Intel's carrier partners Sprint Nextel and Clearwire plan to offer the technology as a wireless broadband alternative to the 3G cellular networks.
Intel and its partners are preparing to make a major push in 2008 for WiMax in the United States, hoping to eventually make the wireless broadband technology as popular as Wi-Fi is today.
Next year is when many of the pieces needed to kickoff adoption are expected to fall into place: WiMax-supported Intel processors, notebooks and devices from manufacturers, and broadband networks from two wireless carriers, Sriram Viswanathan, VP and general manager of Intel's WiMax Program Office, told InformationWeek.
WiMax, or World Interoperability For Microwave Access, is a wireless broadband standard that's designed to extend Wi-Fi networks across greater distances, such as a campus or sections of metropolitan areas. The 802.16 standard is theoretically capable of transmitting data up to 70Mbits per second as far as 37 miles.
Intel's carrier partners Sprint Nextel and Clearwire plan to offer the technology as a wireless broadband alternative to the 3G cellular networks offered by rivals such as AT&T and Verizon. Sprint and Clearwire are working together in rolling out a nationwide network that's expected to offer average data speeds of between 2Mbps and 4Mbps to 100 million people in the United States by the end of 2008. Much of the coverage will be in metropolitan areas.

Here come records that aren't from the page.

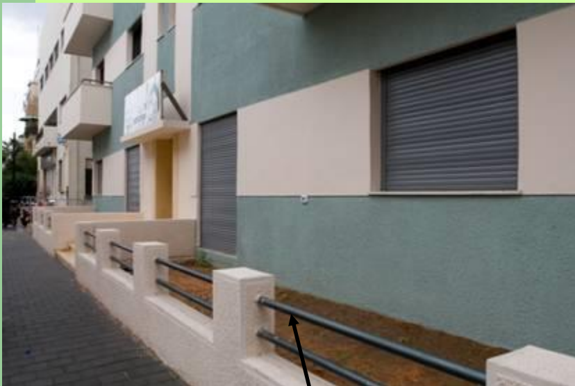
שילוב מעקות מתכת כדוגמת המקור

ביצוע גדרות חוץ כפי שנבנו במקור בשילוב מסגרות וביצוע טיח על גדרות כפי שבוצע במקור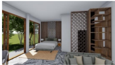
Gambar 8. Interior Lobby & Lounge

Pada interior ruangan Sanggar pelatihan banyak menggunakan kaca untuk membantu latihan para seniman. Pada bagian lobby sanggar pelatihan ditambahkan elemen batu alam untuk menambah kesan etnik yang selaras dengan ruangan lainnya. Untuk material pada dinding diberikan peredam suara agar tidak mengganggu aktivitas diluar ruangan.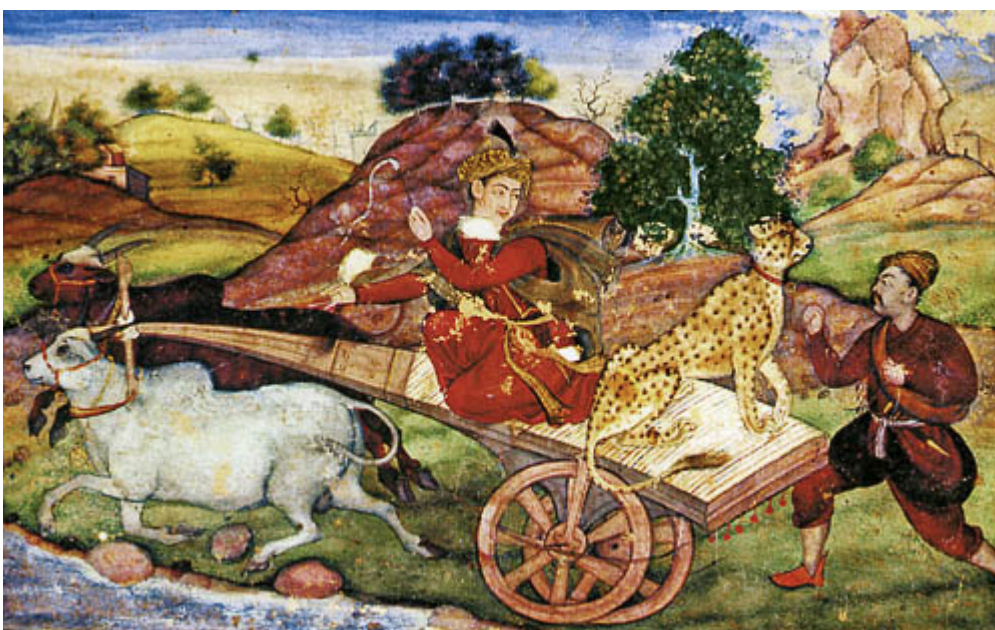
Vers 1600.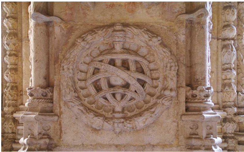
Figura 7. Esfera Armilar no Mosteiro dos Jerónimos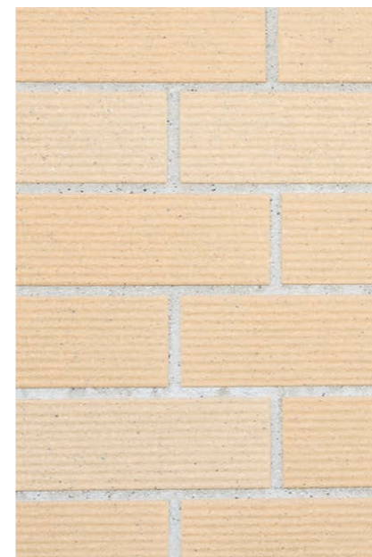
外装壁タイル デティール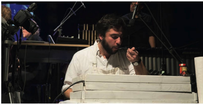
Guten Appetit! Schnitzel mit Ketchup – das Ensemble Studio Dan.

30 Jahre Tage für Neue Musik Zürich (16.–20. November 2016)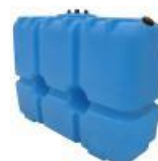
Дополнительный топливный бак (вынесенный)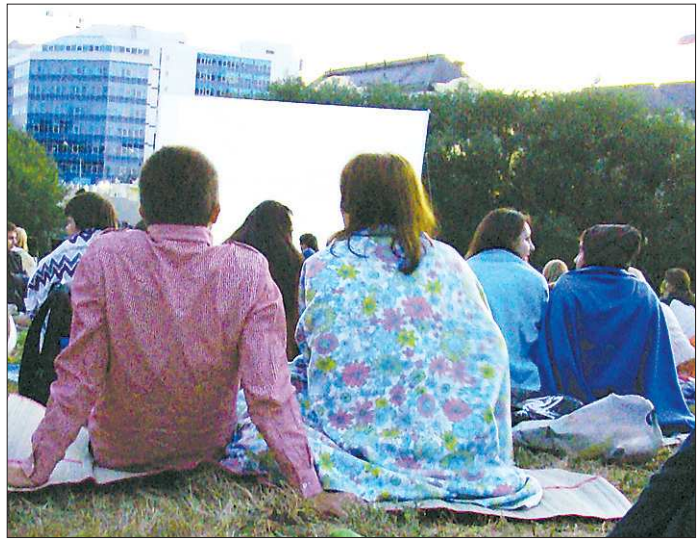
Чтобы зрители не мерзли холодными вечерами, организаторы принесли им теплые пледы, которые, увы, не всегда возвращали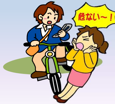
わき見運転等の安全 運転義務違反で事故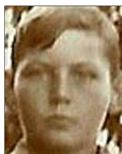
Række I nr. 1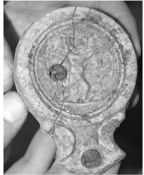
Jobbra: Táncoló figurát ábrázoló terrakotta lámpa (volutás mécses)

zárható ki, hogy némely esetben a kigyújtott hamvakat szabadon, tehát urna nélkül, de elkülönítve helyezték a sírgödörbe.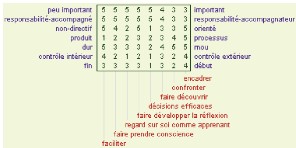
Figure 1. Éléments et construits émergents

Dans la présente analyse, les résultats portant sur une définition collective de l'accompagnement métacognitif sont abordés en deux temps, d'abord ses éléments et ensuite les construits qui caractérisent les éléments. Huit éléments et sept construits ont émergé de la discussion (voir figure 1 ci-dessous).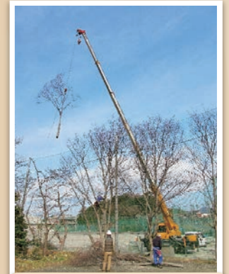
吊り伐りによる支障木の特殊伐採作業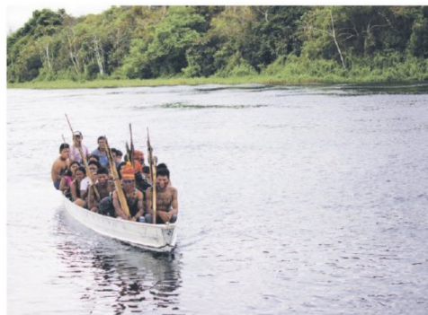
Los pueblos indígenas enfrentan cambios en su forma de vida debido a las economías ilegales.

Las diferentes formas de violencia contra mujeres, niños, niñas y adolescentes indígenas quedan reflejadas

For its part, Intel plans to ship in the second half of next year Montevina, the codename for its next-generation notebook processor technology that will support Wi-Fi and WiMax. PC manufacturers are expected to start announcing products containing the new technology four to six months before the Intel launch, Viswanathan said.
Intel and partners are banking that consumers and businesses will be willing to pay more for WiMax than current DSL or cable broadband because it will give them an always-on connection within the coverage area. In addition, download speeds are expected to be multiples faster than 3G networks offered by wireless carriers, and consumers can connect to the network on any WiMax-supported device. U.S. cellular networks are closed systems in which carriers control the types of devices that can be used to access the service.
"I would contend that there's a large segment of the consumer population that would pay north of $50 a month for that capability," Viswanathan said.
Intel sees WiMax as opening up new markets and widening current ones. It expects to sell its WiMax technology for use in current notebooks and handheld computers, as well as for devices still on the drawing boards. In addition, the company believes providers of Web services, such as Google and Yahoo, could one day offer devices at a subsidized price in return for a multi-year service contract, much like wireless carriers do with mobile phones today.
"To us, this is a very important thing because it gives Intel the opportunity to grow its business in a very substantial way," Viswanathan said.
On Tuesday, U.S. regulators approved a set of ground-rules for next year's auction of valuable wireless airwaves that a buyer could choose to use for WiMax. But what Intel found interesting was the Federal Communications Commission's decision to require the winner of the 700 MHz spectrum to make the airwaves accessible to any phone, device or software.
"These are core principles that WiMax stands for," Viswanathan said. "This is great news for the industry, because it supports a truly open-access mechanism for any device, application or service."